[DATASET EXTRACT Boundary: Start]
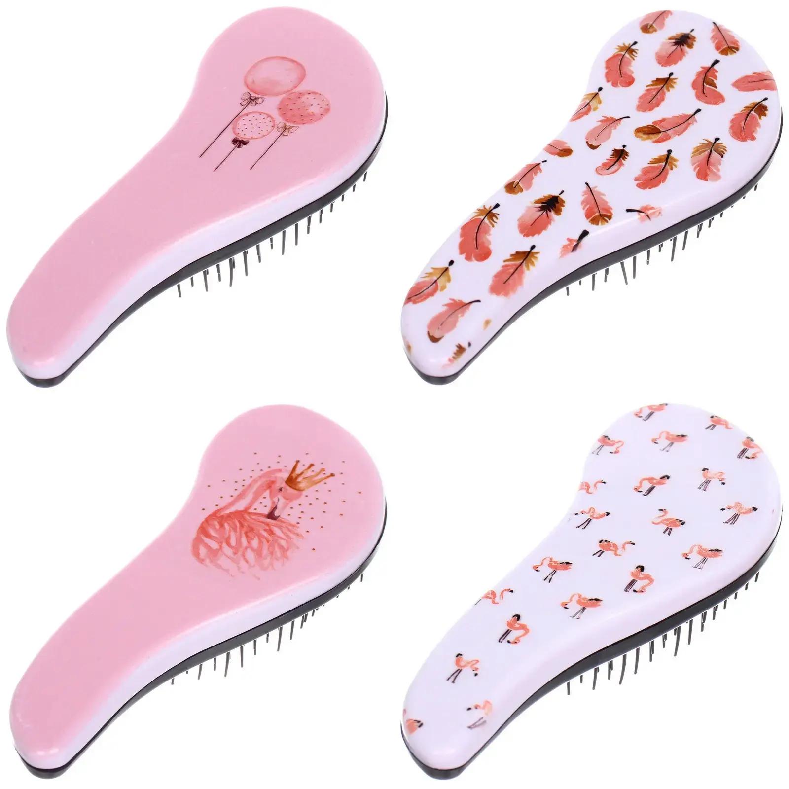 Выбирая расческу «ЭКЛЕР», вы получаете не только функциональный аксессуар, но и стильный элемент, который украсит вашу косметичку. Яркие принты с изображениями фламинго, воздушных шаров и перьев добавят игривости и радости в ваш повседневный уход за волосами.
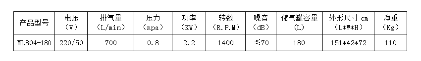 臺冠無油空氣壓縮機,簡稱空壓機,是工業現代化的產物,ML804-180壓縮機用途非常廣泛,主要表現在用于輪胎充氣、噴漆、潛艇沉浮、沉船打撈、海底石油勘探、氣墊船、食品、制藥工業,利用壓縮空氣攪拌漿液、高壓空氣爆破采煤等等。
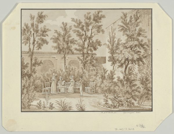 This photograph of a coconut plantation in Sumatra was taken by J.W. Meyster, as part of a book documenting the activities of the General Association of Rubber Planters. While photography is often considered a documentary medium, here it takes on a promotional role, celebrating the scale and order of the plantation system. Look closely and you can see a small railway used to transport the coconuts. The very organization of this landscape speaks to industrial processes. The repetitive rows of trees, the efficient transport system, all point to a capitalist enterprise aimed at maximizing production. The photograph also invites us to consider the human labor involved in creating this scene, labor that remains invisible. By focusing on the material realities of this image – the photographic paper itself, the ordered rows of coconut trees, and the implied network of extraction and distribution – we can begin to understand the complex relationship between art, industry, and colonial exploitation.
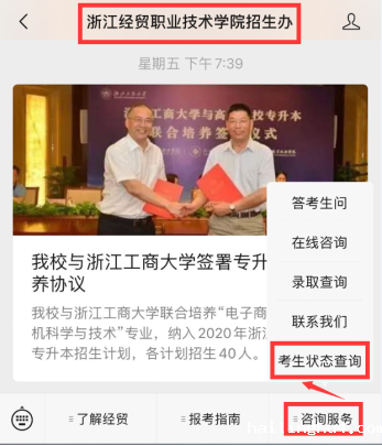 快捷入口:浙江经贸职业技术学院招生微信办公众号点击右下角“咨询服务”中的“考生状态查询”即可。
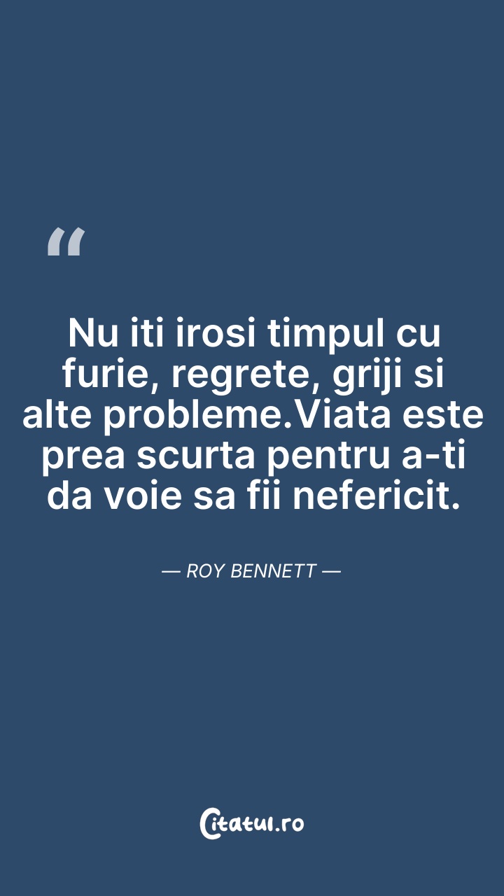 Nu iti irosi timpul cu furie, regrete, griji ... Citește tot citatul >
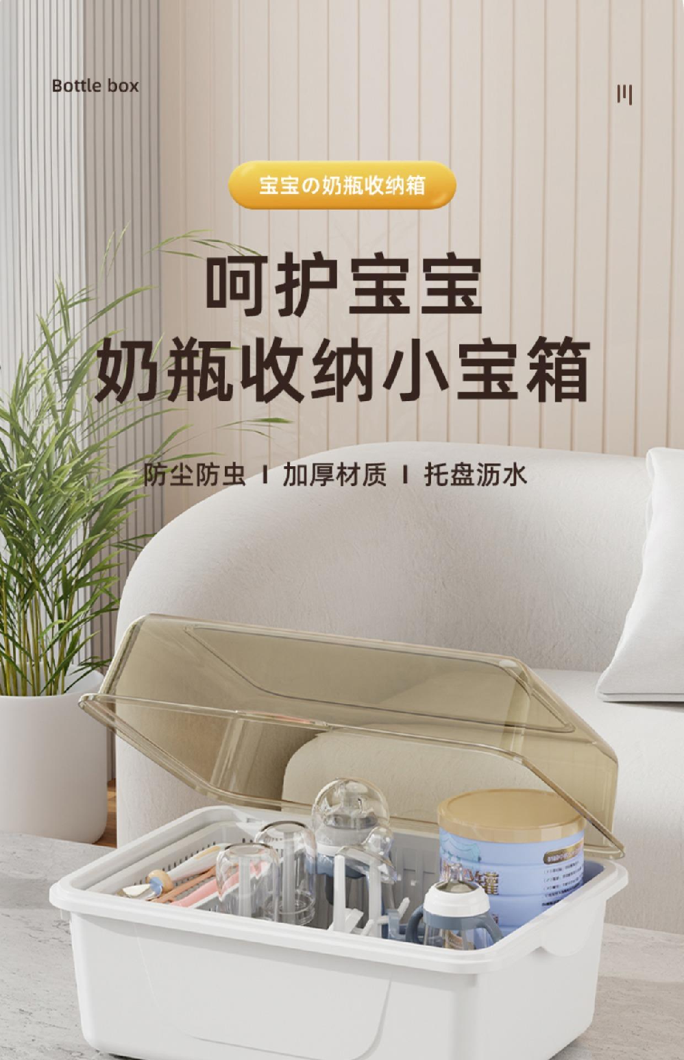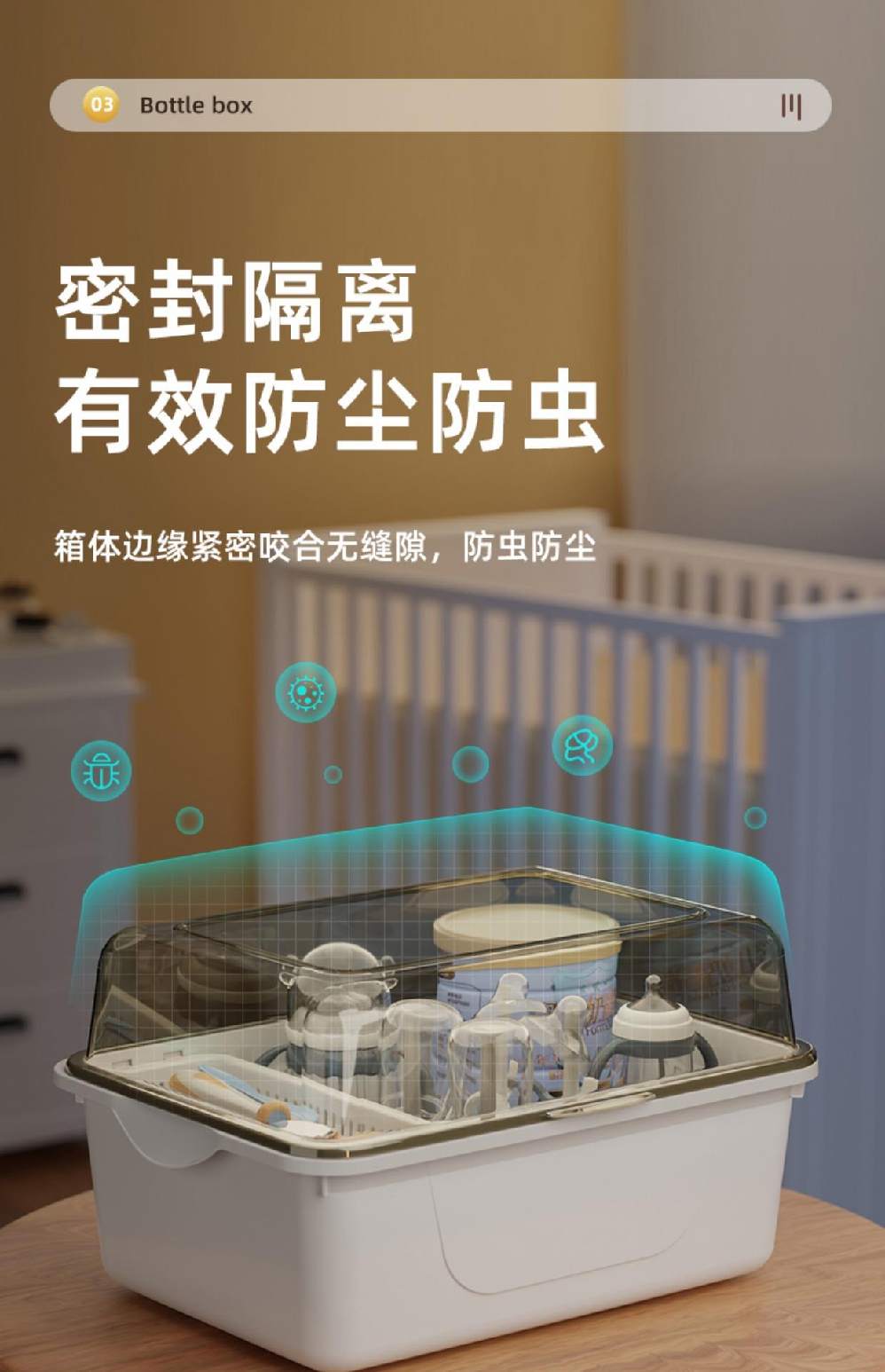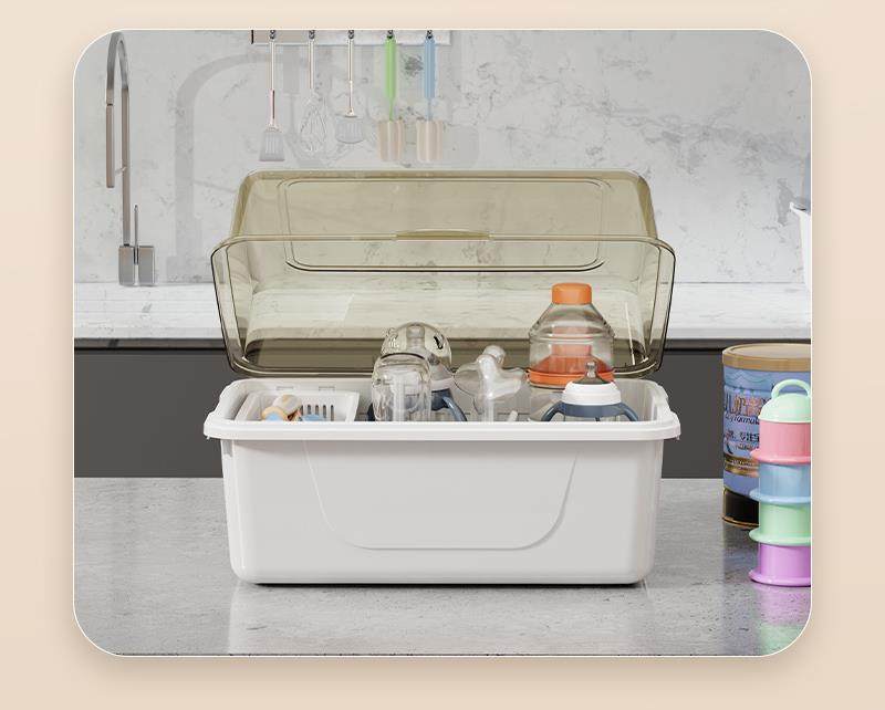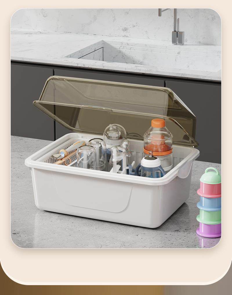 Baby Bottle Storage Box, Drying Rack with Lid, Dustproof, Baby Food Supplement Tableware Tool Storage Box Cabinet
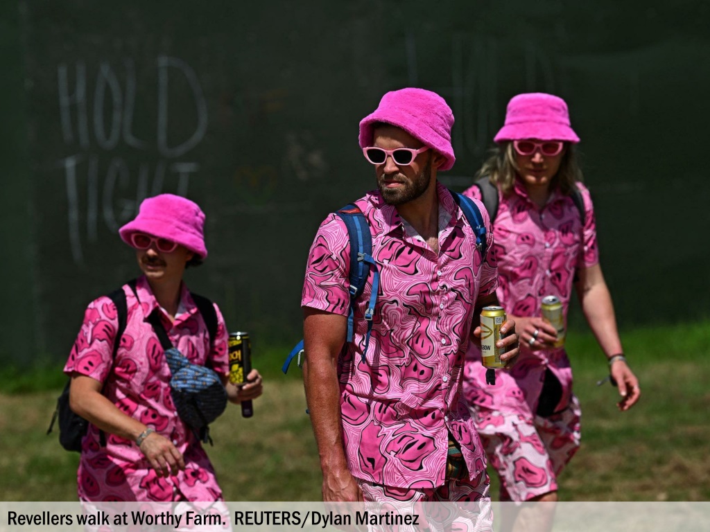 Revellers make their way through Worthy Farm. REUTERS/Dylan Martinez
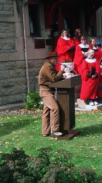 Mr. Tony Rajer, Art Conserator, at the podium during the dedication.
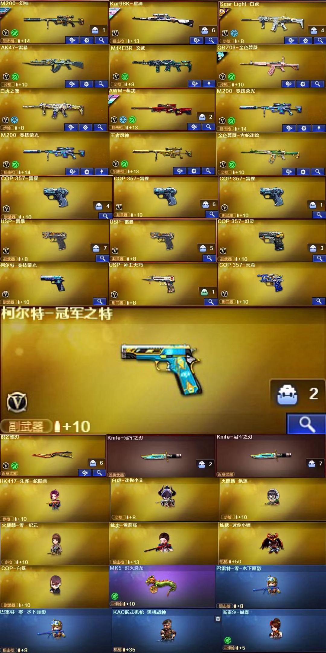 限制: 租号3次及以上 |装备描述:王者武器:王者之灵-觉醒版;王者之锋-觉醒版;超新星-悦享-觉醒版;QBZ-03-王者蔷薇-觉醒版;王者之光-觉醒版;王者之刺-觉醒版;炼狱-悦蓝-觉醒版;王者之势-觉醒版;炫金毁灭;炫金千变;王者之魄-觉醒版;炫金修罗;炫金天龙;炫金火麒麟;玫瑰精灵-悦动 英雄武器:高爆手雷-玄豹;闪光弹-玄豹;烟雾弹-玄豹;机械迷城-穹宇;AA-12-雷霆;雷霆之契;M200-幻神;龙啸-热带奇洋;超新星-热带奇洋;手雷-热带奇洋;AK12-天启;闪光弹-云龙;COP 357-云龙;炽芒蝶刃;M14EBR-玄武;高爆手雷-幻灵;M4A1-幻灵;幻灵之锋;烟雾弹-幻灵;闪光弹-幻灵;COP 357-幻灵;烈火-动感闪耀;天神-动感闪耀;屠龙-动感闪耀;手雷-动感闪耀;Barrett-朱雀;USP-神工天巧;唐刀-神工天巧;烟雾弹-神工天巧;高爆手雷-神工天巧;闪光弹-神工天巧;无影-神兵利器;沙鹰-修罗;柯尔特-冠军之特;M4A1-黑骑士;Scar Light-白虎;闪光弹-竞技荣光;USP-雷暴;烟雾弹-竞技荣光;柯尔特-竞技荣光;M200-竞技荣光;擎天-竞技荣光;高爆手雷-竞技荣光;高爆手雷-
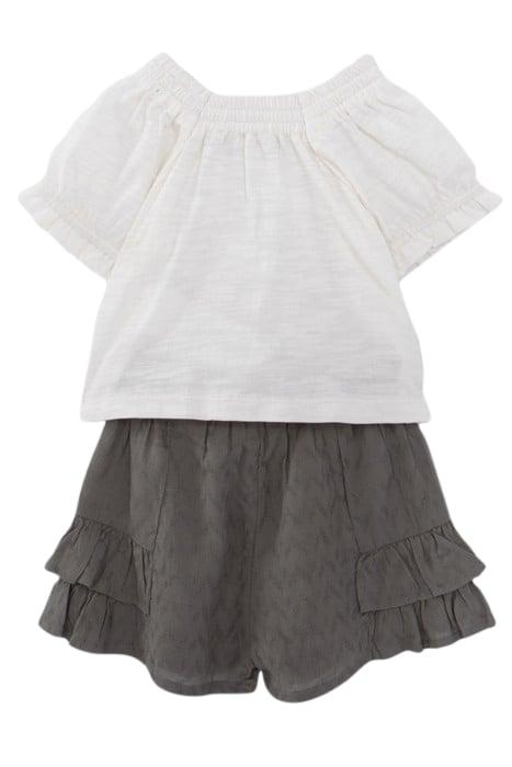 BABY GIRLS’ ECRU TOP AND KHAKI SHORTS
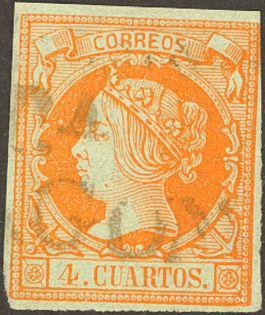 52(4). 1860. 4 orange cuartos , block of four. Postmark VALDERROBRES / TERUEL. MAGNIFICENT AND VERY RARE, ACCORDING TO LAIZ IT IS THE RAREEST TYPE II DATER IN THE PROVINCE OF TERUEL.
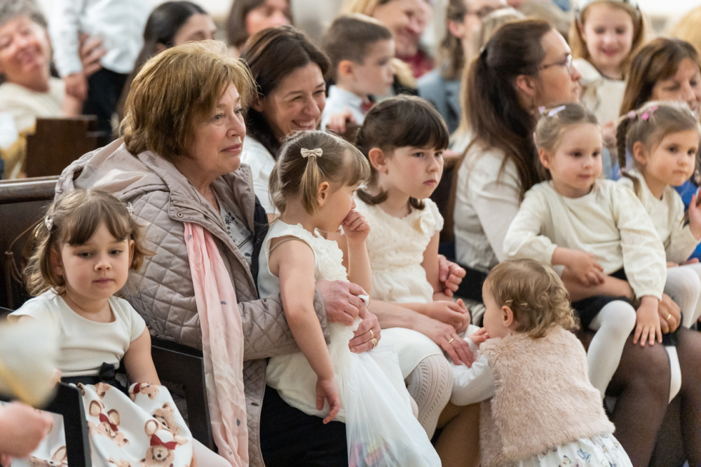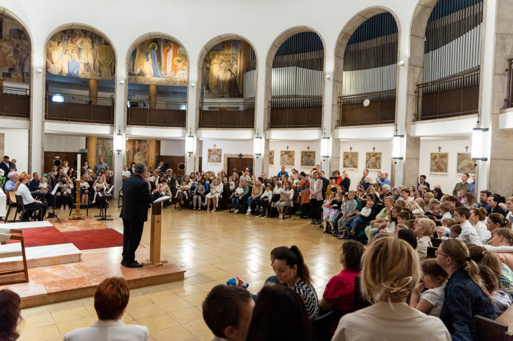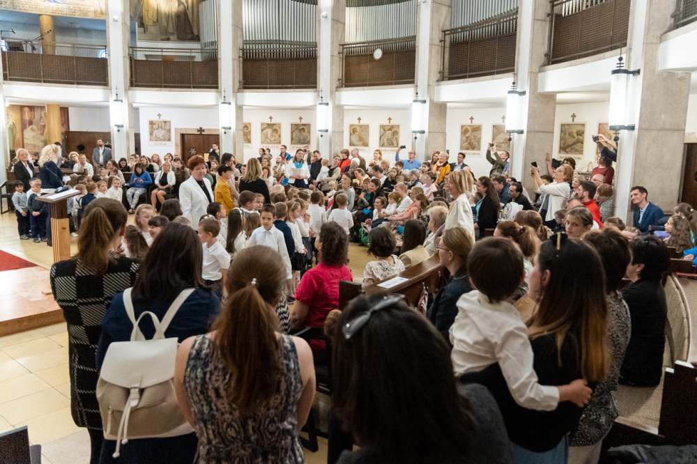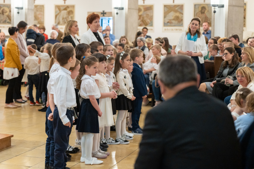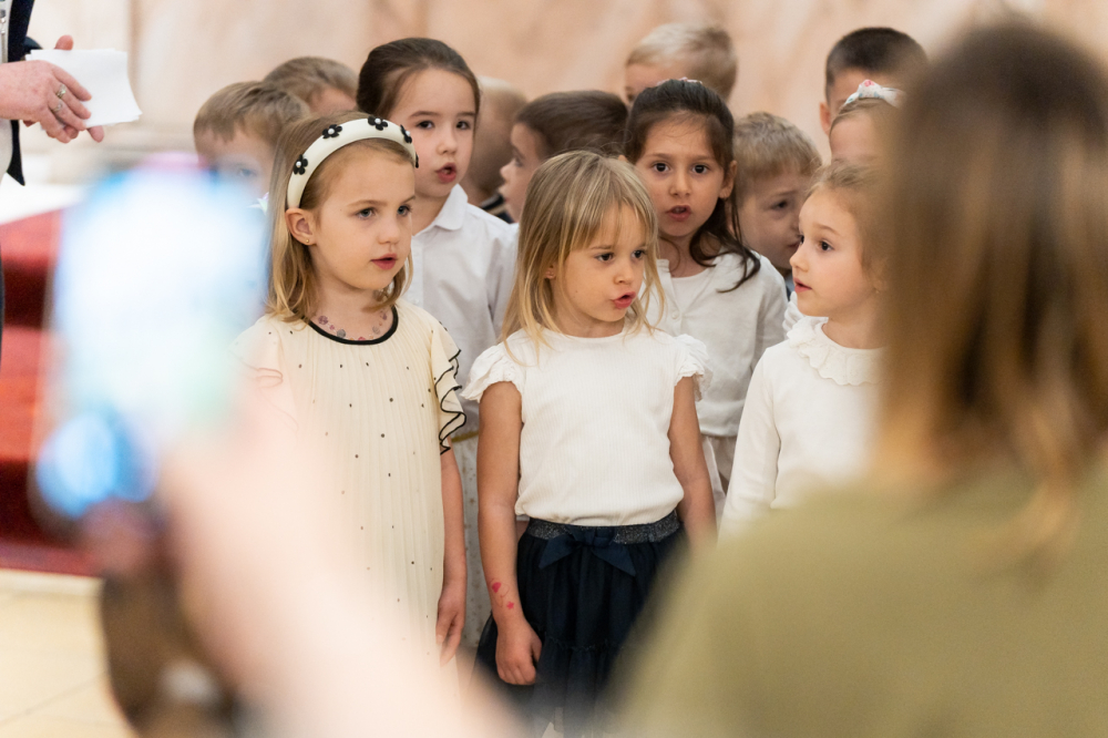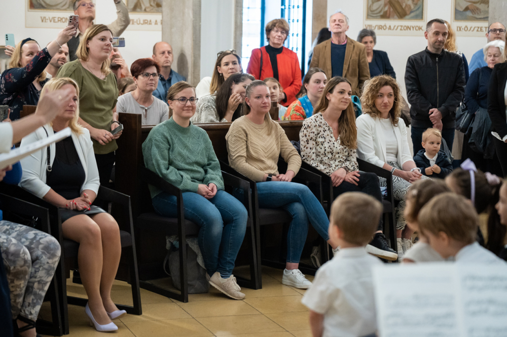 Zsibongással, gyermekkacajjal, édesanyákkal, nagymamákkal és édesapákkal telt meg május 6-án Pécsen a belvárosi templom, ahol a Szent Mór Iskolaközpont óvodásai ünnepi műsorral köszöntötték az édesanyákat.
[DATASET EXTRACT Boundary: End]
▶ **REQUIREMENT**
Beginning with the first line of the material above, please output each line exactly through the line that contains "臺冠無油空氣壓縮機,簡稱空壓", and only those, leaving out pictures.

▶ **WRITTEN SOLUTION**
 Выбирая расческу «ЭКЛЕР», вы получаете не только функциональный аксессуар, но и стильный элемент, который украсит вашу косметичку. Яркие принты с изображениями фламинго, воздушных шаров и перьев добавят игривости и радости в ваш повседневный уход за волосами.
 臺冠無油空氣壓縮機,簡稱空壓機,是工業現代化的產物,ML804-180壓縮機用途非常廣泛,主要表現在用于輪胎充氣、噴漆、潛艇沉浮、沉船打撈、海底石油勘探、氣墊船、食品、制藥工業,利用壓縮空氣攪拌漿液、高壓空氣爆破采煤等等。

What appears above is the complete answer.